DS: Over the last several years, each of our annual budgets has required performance improvement strategies, and each year probably the No. 1 single opportunity for improvement has been supply chain, through the integration of the group purchasing organization and our purchasing team. It’s important to make sure you’re gaining the pricing that's appropriate for the size of this organization. This includes creating a multiyear capital plan to know what you have coming down the pike so you can negotiate the best price, not only for what you’re buying today but what you’re likely buying over the next two or three years.

Imaging is a classic example. If every hospital is negotiating separately with a vendor to buy their next MRI or CT scanner, you will not  receive the same benefit as when you instead employ a three-year strategy of: “I know this hospital’s buying one this year, this hospital’s buying one next year, and two years from now our freestanding radiology group is going to be buying three, so let’s negotiate the purchase price for all five now.”
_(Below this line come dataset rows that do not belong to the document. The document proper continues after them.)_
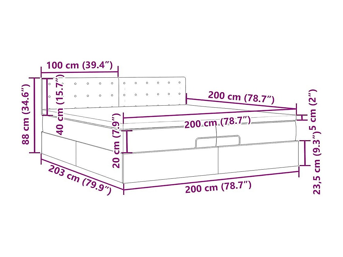 Ottoman bed met matrassen en LED's 200x200cm stof zwart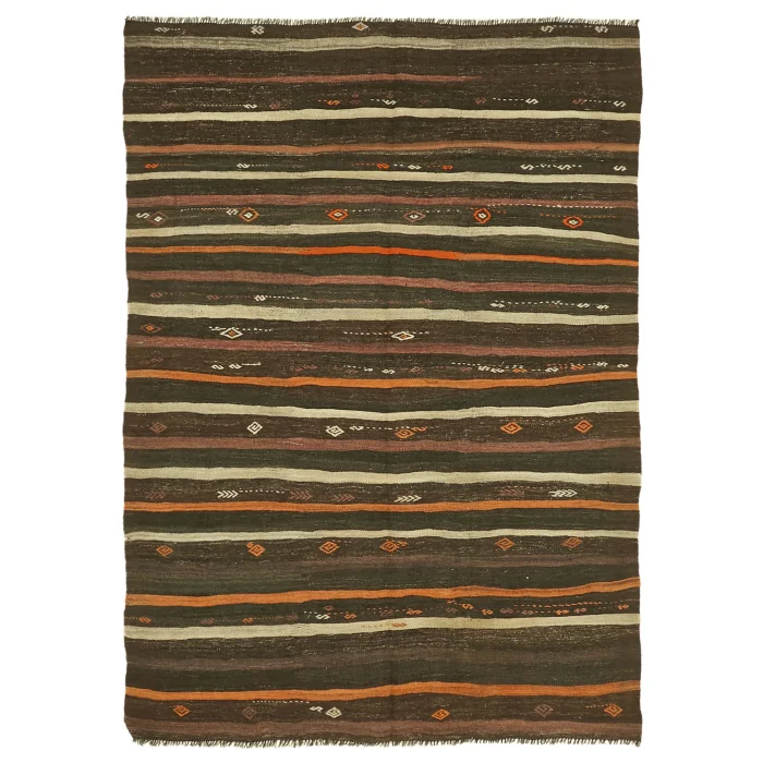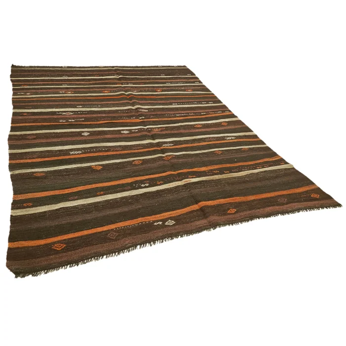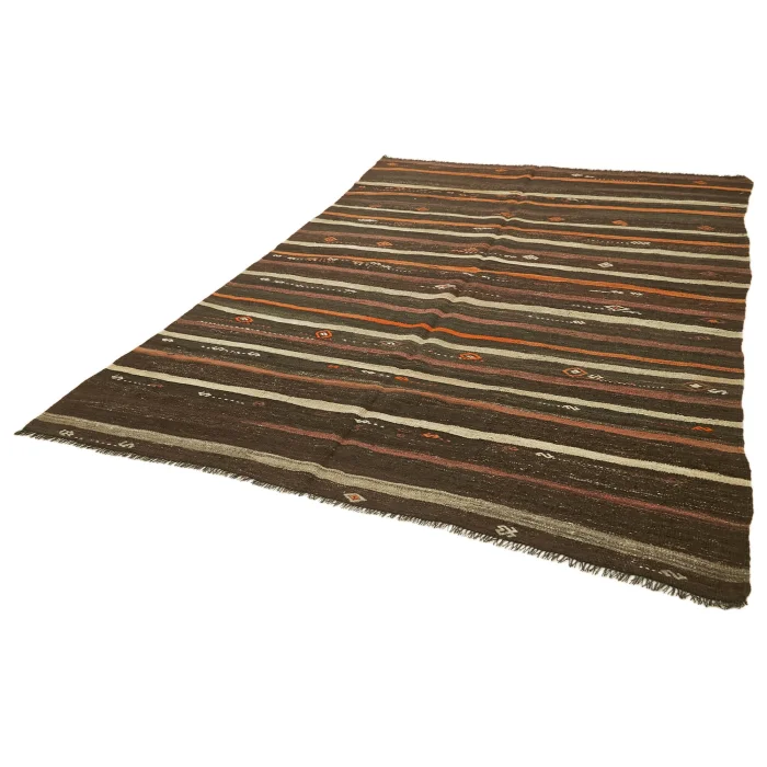 Anatolian Kilim Rug 215 cm width and 291 cm length and the pile height is 5mm, the approximate weight of the rug is 9 kg. It’s % 100 hand knotted wool and goat hair rug. It’s made from the natural dye.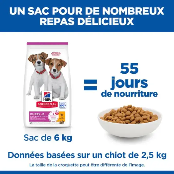 Hill’s Science Plan Puppy Small et Mini au poulet est formulé pour renforcer le système immunitaire et la mobilité.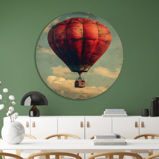 Vintage Luchtballon in Sepia Hemel aluminium muurcirkel
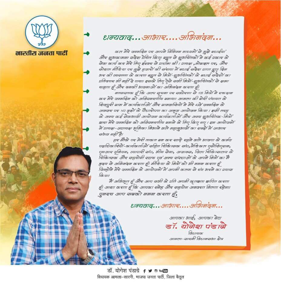 हर मौके पर मेरी ताकत बन कर खड़े रहने वाले भाजपा के कर्मठ पदाधिकारियों-कार्यकर्ताओं सहित चिकित्सक संघ, मेडिकल एसोसिएशन, एमआर यूनियन, व्यापारी संघ, भीम सेना, अजाक्स, जिला चिकित्सालय के चिकित्सक और सहयोगी स्टाफ एवं अन्य संस्थाओं के अपने मित्रों का मैं हृदय से अभिनंदन करता हूँ। मीडिया के मित्रों को भी नमन करता हूँ जिन्होंने मेरे जन्मदिन के आयोजनों में अपनी कलम से रंग भरने का प्रयास किया।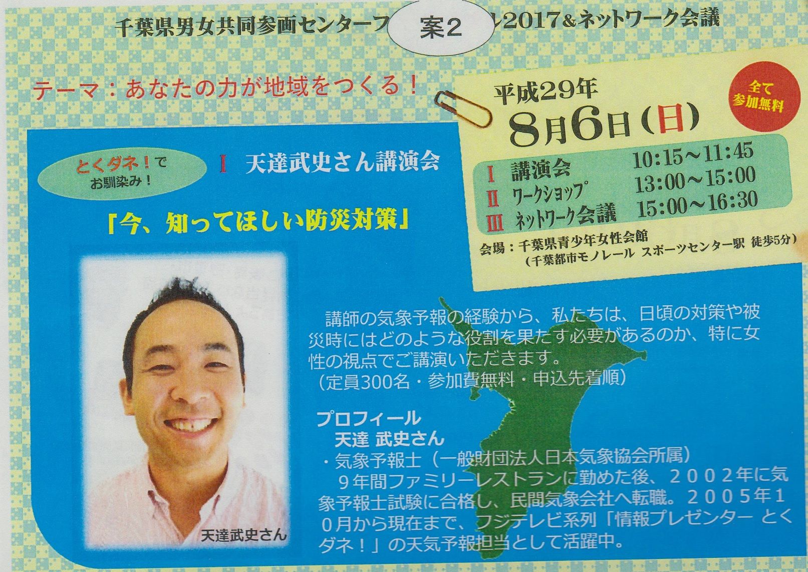 今年8月6日に千葉県男女共同参画センターフェスティバルがありその企画運営委員会がありました昨年はその企画運営委員長をしていました今年も事務局から委員長の打診がありましたが皆さんからの推薦ならばとしていました今年は気象予報士の天達武史さんの講演で、防災に関するものとなります昨年も委員だった方の推薦もあり、委員長になりました会議をさっさと仕切って、30分程度早めに終えました今後も頑張りたいと思います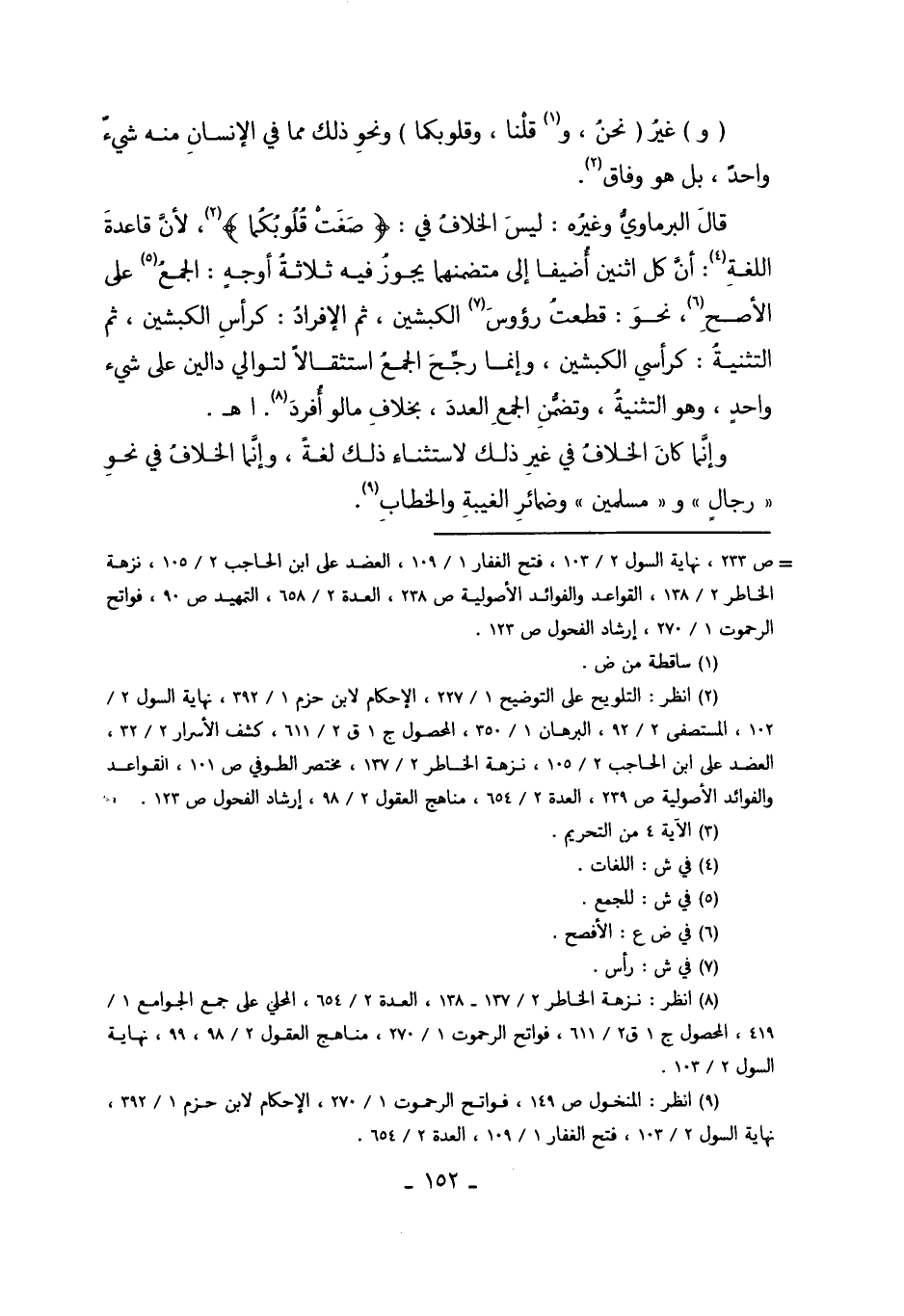 وَإِنَّمَا كَانَ الْخِلافُ فِي غَيْرِ ذَلِكَ لاسْتِثْنَاءِ ذَلِكَ لُغَةً. وَإِنَّمَا الْخِلافُ فِي نَحْوِ "رِجَالٌ وَمُسْلِمِينَ "وَضَمَائِرُ الْغَيْبَةِ وَالْخِطَابِ9.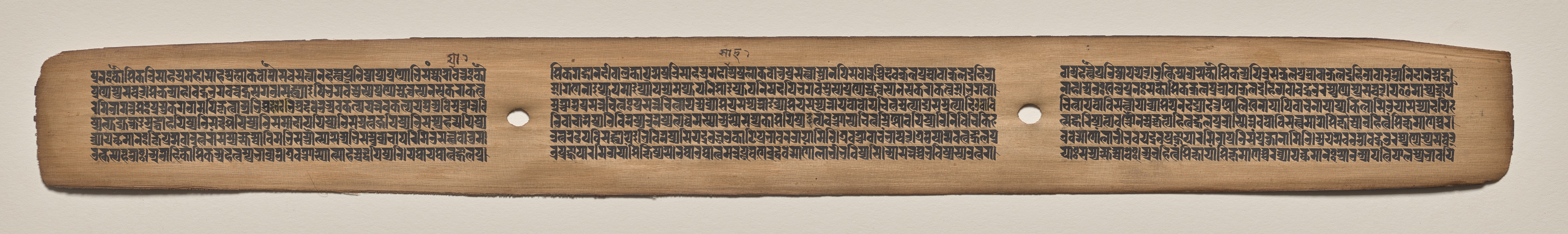 Rectangular, light brown, aged paper or parchment with uneven edges; three columns of small, black, dense text written in a non-Latin script; two circular holes in center; background is beige.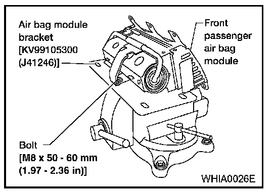 3. Match the two holes in air bag module bracket (held in vise) and front passenger air bag module and fix them with two bolts [M8 x 25 - 30 mm (0.98 - 1.18 in)].
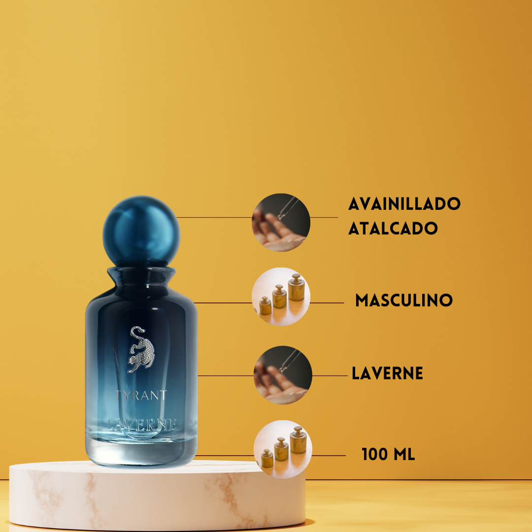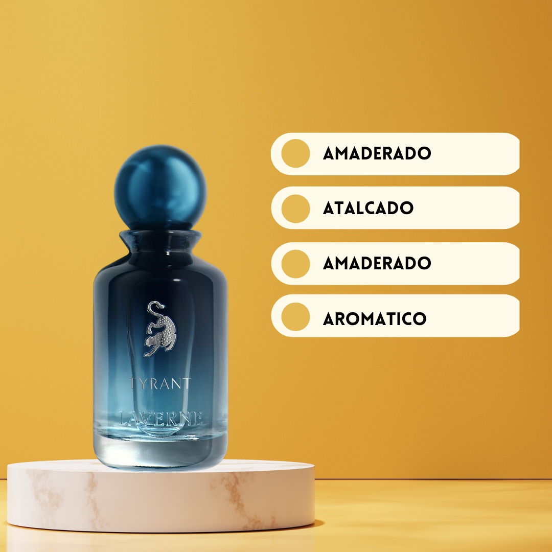 Tyrant de Laverne Eau de Parfum Unisex (2023) es una fragancia oriental amaderada que combina frescura aromática con una base cálida y sofisticada. Su apertura destaca por la mezcla refinada de lavanda, bergamota y hojas de ciprés, aportando un inicio limpio, verde y elegante. En el corazón, el sándalo cremoso se entrelaza con el jazmín, creando un equilibrio perfecto entre profundidad amaderada y suavidad floral. El fondo revela una base cálida y envolvente de vainilla, ámbar y vetiver, dejando una estela sensual, estructurada y duradera. Tyrant es ideal para hombres y mujeres que buscan un perfume versátil, moderno y con carácter, perfecto tanto para el uso diario como para ocasiones especiales.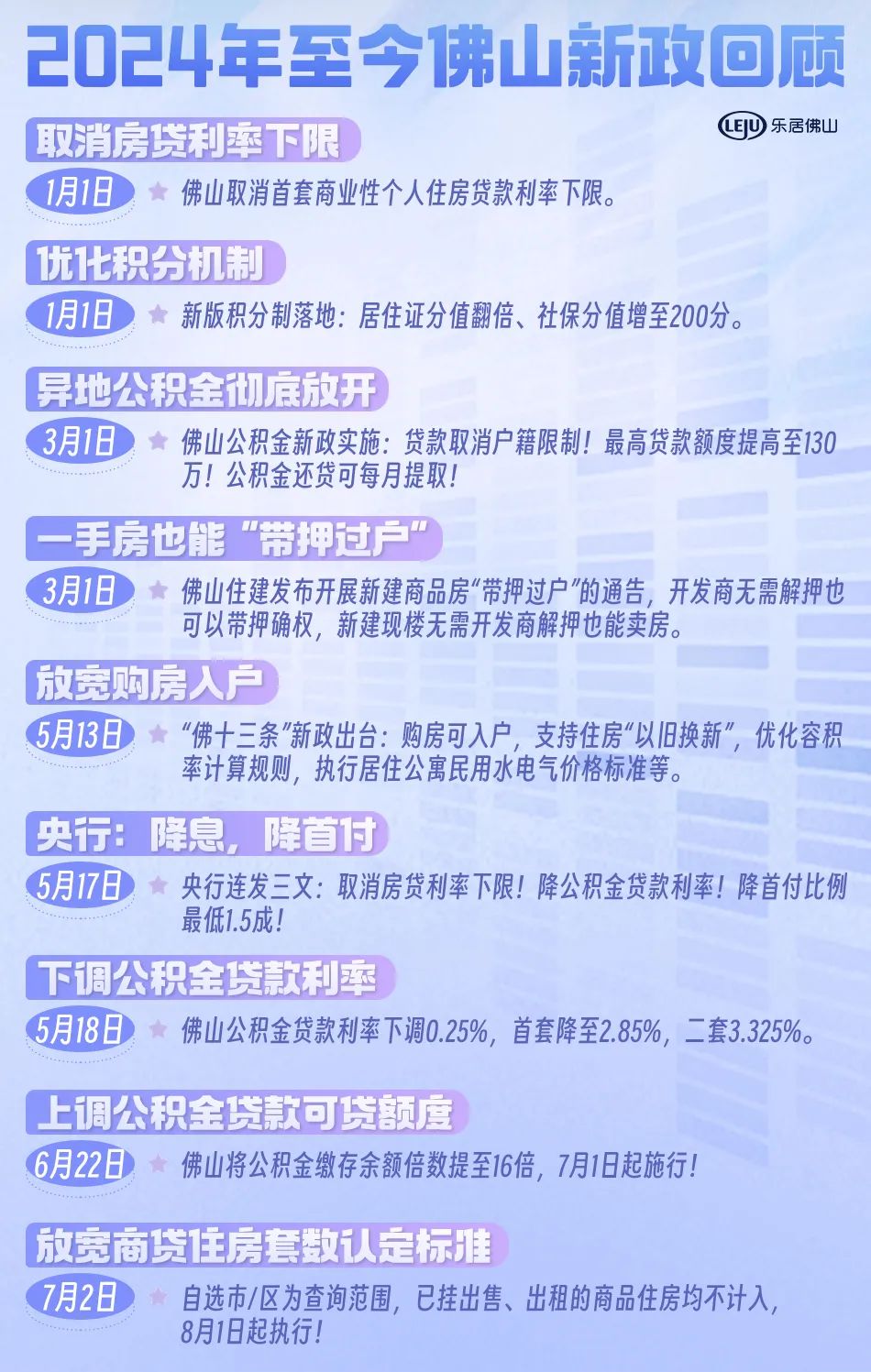 自年初以来,佛山不仅推出了13条新政,更持续不断调整和优化楼市政策,包括全市恢复购房入户、降低房贷利率、提高公积金贷款额度、取消公积金贷款户籍限制、降低首付、以旧换新免契税、带押过户、放宽商贷住房认定、可提取公积金支付首付等一系列举措。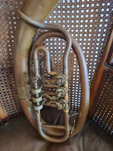 Bariton horn, instrument sa par ostecenja kao sto se vidi na slikama.

The other two top cost-containment strategies would be utilization reduction (ordering wisely and reducing excess ancillary utilization) and use of clinical pathways to reduce length of stay to create capacity, as opposed to adding capital expenditures to expand capacity.

These three areas are probably where we gain the most dollars for the effort, as well as working with every department with their individual opportunities that they’ve identified.

Q: If you could pass along one nugget of advice to another hospital CFO, what would it be? 

DS: Accountability. You have to hold each other accountable for goals and outcomes and help the organization monitor those outcomes so we can hold ourselves accountable. If you fail, don’t place blame. Figure out what went wrong. Work together to fix it and then monitor it again. But we have to start with accountability, and if we’ve moved forward with an initiative, monitor those outcomes and make sure we achieve what we set out to do.